Trail Running Shoe Showdown!

With Vibram’s Spring lineup coming out soon, I thought I do a comparison of the new Spyridon LS which were recently reviewed by Leah, and one of Vibram’s older trail models, the KSO Trek (review), which shares the same tread pattern as the TrekSport and the Trek LS. Due to an unpredictable winter here in the DC region, just in the past week or so we’ve had a mix of snow, ice, rain and sunny 60 degree days which has left the local off-road trails a sloppy mess—perfect for putting these VFFs through a side by side comparison. So with camera in hand and mismatching shoes on my feet, I set off to play in the mud. Video, photos, and comparison after the jump! Prepare for an epic toe shoe journey, and watch this (3:14 – headphones for full epic effect, but not necessary): So after the above muddy romp through the woods, here are my observations:
  • The Spyridon LS has a .5mm thinner sole than the KSO Trek, which is especially apparent at the heel. This gives better ground transmission overall, but when accidentally landing with the midfoot on small rocks or pebbles, the Spyridon’s molded nylon mesh midsole works like it is suppose to for an improved “rock block” effect.
  • Another design feature incorporated into the Spyridon LS is the extra wide sole, especially at the arch of the foot. In contrast at the arch, the KSO Trek has a very narrow sole with just the fabric upper positioned to protect the soft instep of the foot from painful small pebbles. If you have high arches like I do, the KSO Trek hugs the instep like a glove while the Spyridon LS has a bit more room here. Check it out:
    On the left is the bottom of a pair of KSO Trek FiveFingers (Note: an equivalent Trek sole is used on other FiveFingers models that have “Trek” in their model name).

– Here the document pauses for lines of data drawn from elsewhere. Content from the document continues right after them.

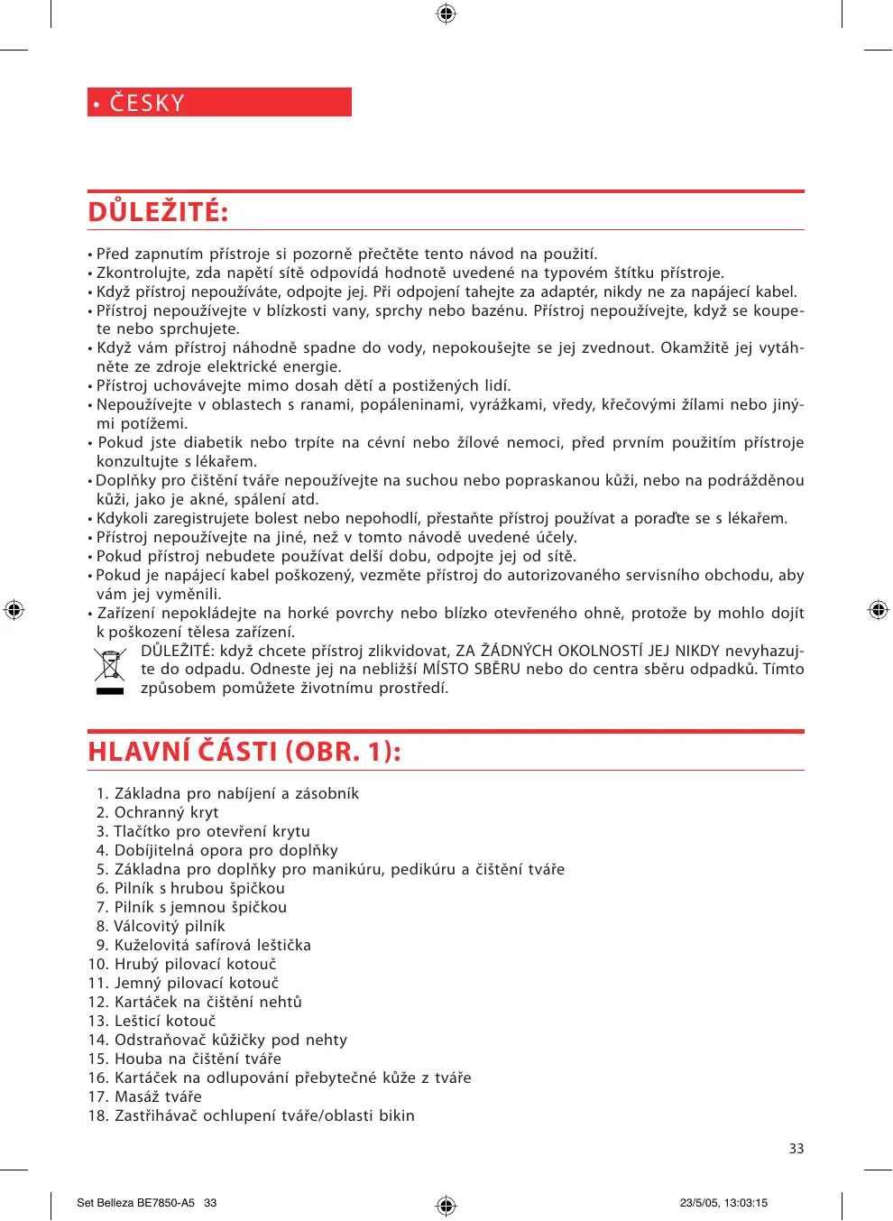 - Z bezpečnostnich důvodů dobíjtelná opora pro doplěkny (4) bude pracovat, pouze když je zá-kladna pro doplěkny (5), zastřihávac tváře a oblasti bikin (18) nebo klestě na očné rasy (22) pripevněny správně.
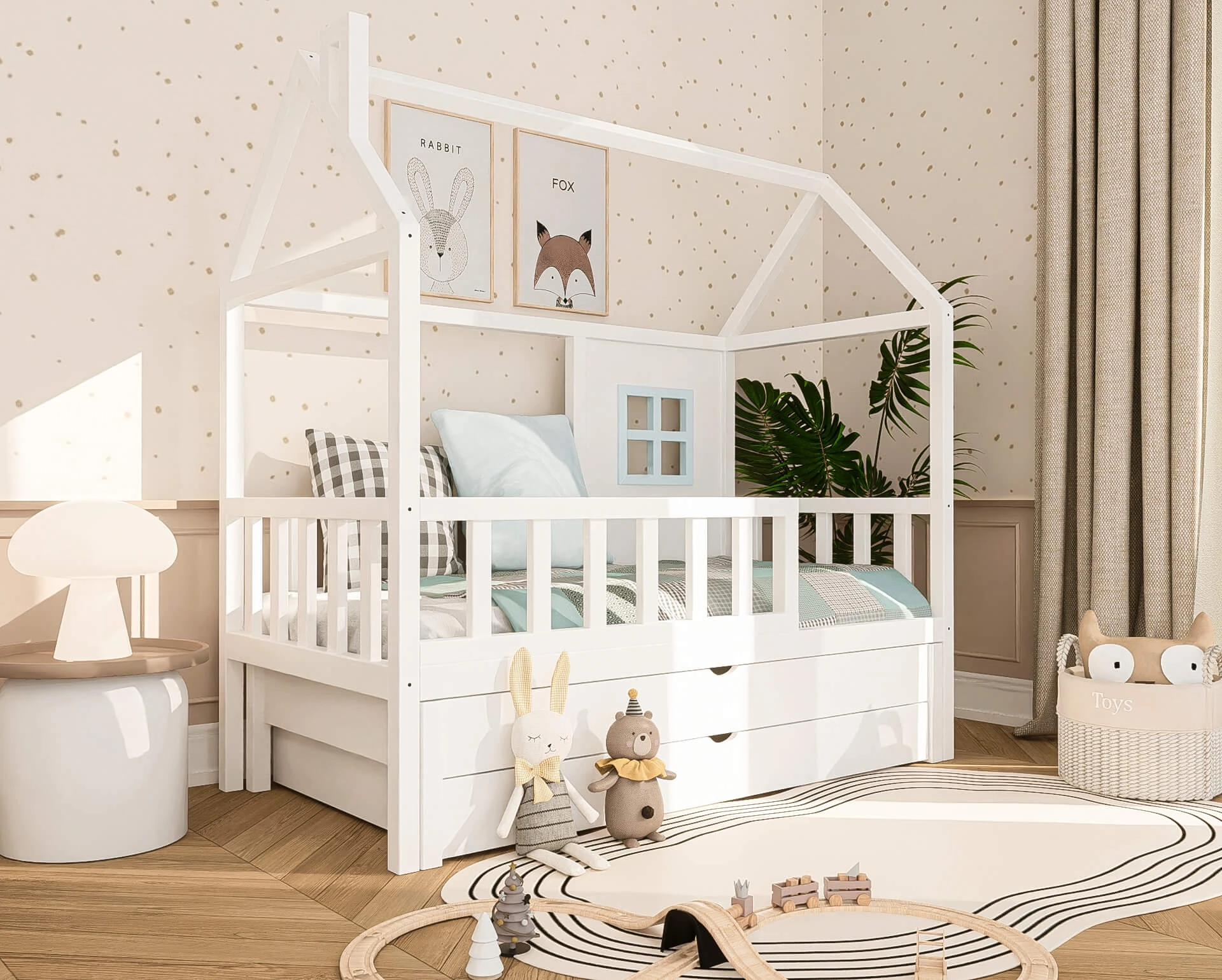 To łóżko w kształcie domku to idealny następca łóżeczka dziecięcego. Dzięki swojej formie rozwija wyobraźnię i wspiera samodzielność dziecka, a jednocześnie zapewnia komfortowy sen. Barierki ochronne zwiększają bezpieczeństwo, a demontowalna barierka frontowa pozwala dopasować łóżko do potrzeb.
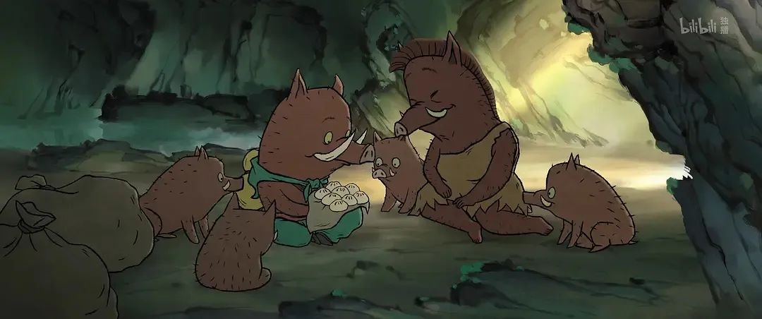 在工作中,很显然小猪妖并没有被视为一个真正的主体,也得不到任何尊重,与之相对比的是他回家后,在家庭收获到的亲情。猪妈妈事无巨细地叮嘱他照顾好自己,要多喝水,工作也要注意身体。最讽刺的是故事的结尾,小猪妖因为好奇靠近了陷阱,被领导狼大人发现,命悬一线之际遇见了唐僧师徒四人,聪明的悟空佯装打死了小猪妖,自己都没有出手,就让八戒一窝端平了整个妖怪团伙。
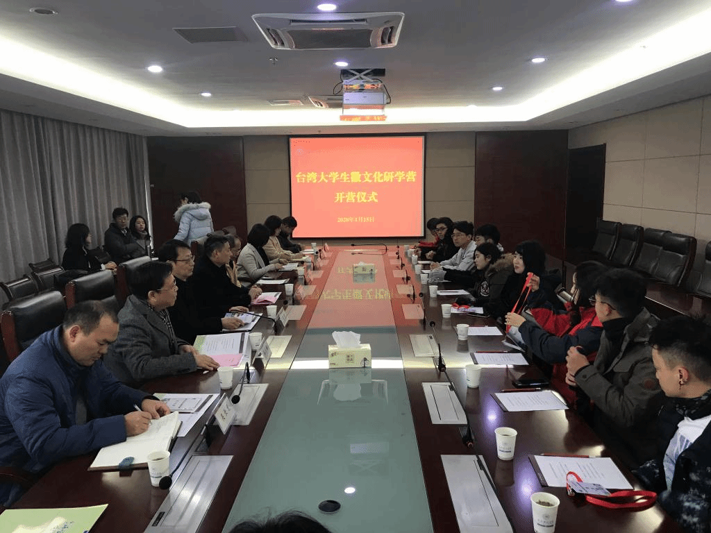 本网讯 1月15日上午,台湾大学生“徽文化”研学营在锦绣校区行知楼第二会议室隆重开营。我院党委副书记、副院长李进华,安徽省人民政府台湾事务办公室交流联络处处长裔淳、二级调研员邵琳,我院港澳台事务办公室主任张宇翔、刘铭传学院院长管琳、学生工作处处长吴长龙、教务处副处长李健,安徽海外旅游有限公司代表,中国新闻网记者以及前来参加冬令营的9名台湾铭传大学师生参加开营仪式。开营仪式由张宇翔主持。
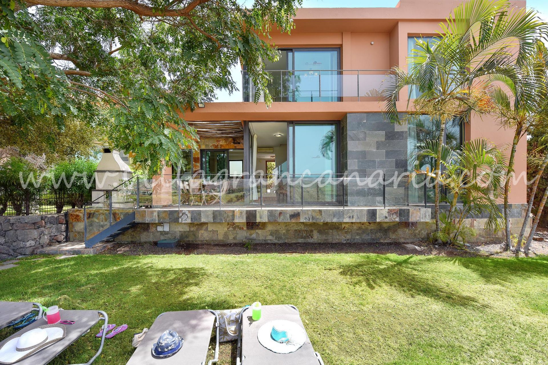 En el exterior destaca la terraza cubierta con zona de comedor al aire libre, y la zona de jardín con cómodas tumbonas.

On the right is the sole of the Spyridon LS (The same Spyridon sole is also used on the upcoming non-laced Spyridons)
  • In terms of overall grip on very soft surfaces, I feel like the Spyridon did a little better in terms of helping me get up steep hills, but I was slipping and sliding and “spinning out” quite a bit. On the other hand, using a quicker cadence to increase braking ability going downhill was very similar between the two models.
  • Wet, moss covered rocks in streams crossing are slick no matter what shoe you are using. Use caution!
  • Both of my feet ended up getting pretty soaked and muddy. (I can’t wait for the Lontra to come out!) The more breathable upper of the Spyridon LS let in water and mud more quickly around the toes, but and it wasn’t until I’d gotten home that I realized that the side of the Spyridon LS’s heel is also very breathable. Here’s a visual comparison: div class=”image_block”>
    Which foot got more wet? The Spyridon LS FiveFingers clad foot (right foot) or the KSO Trek foot (left foot)? Looks like the Spyridon LS let’s in a bit more water and debris.
    In case you are wondering, those socks are Injinji’s midweight level “no-show” cut of their Performance Series line (See our review of a similar style here). Very comfortable!
  • And finally, in my opinion, the Spyridon LS also looks a lot cooler than the KSO Trek. While I found the Dayglow Yellow of the SeeYa FiveFingers to be a bit too bright for my tastes, I love the color scheme and pattern of the Spyridon LS’s upper.
  • A note about pricing: the Spyridon LS should price at around $120 (Initial word – Confirming) whereas the kangaroo leather KSO Trek MSRP’s for $125 (leather cited because it’s the likely source of the higher cost, worse breathability, and better water-resistance).
The only complaint I’ve had with this pre-production pair is that the paint over the metatarsals has started to crack (photo) after only half a dozen runs in them. Leah has also reported this problem with her pair, as well, so it may just be normal wear and tear on the shoe. We’ll keep you updated if Vibram confirms it was addressed in production models. Overall, I’ve had a similar conclusion as Leah—the Spyridon LS is a blast to run in and are now my go-to trail running VFF.

Availability and Contest

First off, the KSO Trek has been out for over two years now, and it’s still for sale at your favorite FiveFingers retailer. But if you’re a savvy toe shoes shopper, you can find the KSO Trek on sale. For example, TravelCountry has it for $100 (all sizes in stock) or CitySports for $90 (fewer sizes). TravelCountry has the women’s KSO Trek for $100, too, (but women’s KSO Treks are full MSRP at City for some reason). Other online FiveFingers retailers likely have deals on the KSO Trek, too. As for the Spyridon LS FiveFingers, they are not yet available but will be any day now! We’ll be breaking the release on and to all email subscribers! Furthermore, we’ll be giving away a pair of Spyridon LS VFFs to one lucky email subscriber who we’ll select randomly from the list of subscribers as of the time of the release announcement. If you’re already subscribed by email to, you’re automagically entered into the giveaway; if you’re not already subscribed, you can subscribe here. What more, 10 other subscribers will be selected to receive some BirthdayShoes sticker swag goodness. Note: only one email address can be entered per person; we reserve the right to bounce obvious alias email addresses off the email list (Play fair!).

By Tim

I’m am a bicycle advocate by profession and an Ironman triathlete for fun which keeps me healthy and fit. I got into minimalist footwear during the summer of 2009 after dealing with injuries resulting from running in “normal” running shoes. Check out what’s going on in my life through photos at [url=][/url] or follow me on twitter: [url=]@TimKelleyDotNet[/url]. Get to know Tim better via [url=]his interview here[/url].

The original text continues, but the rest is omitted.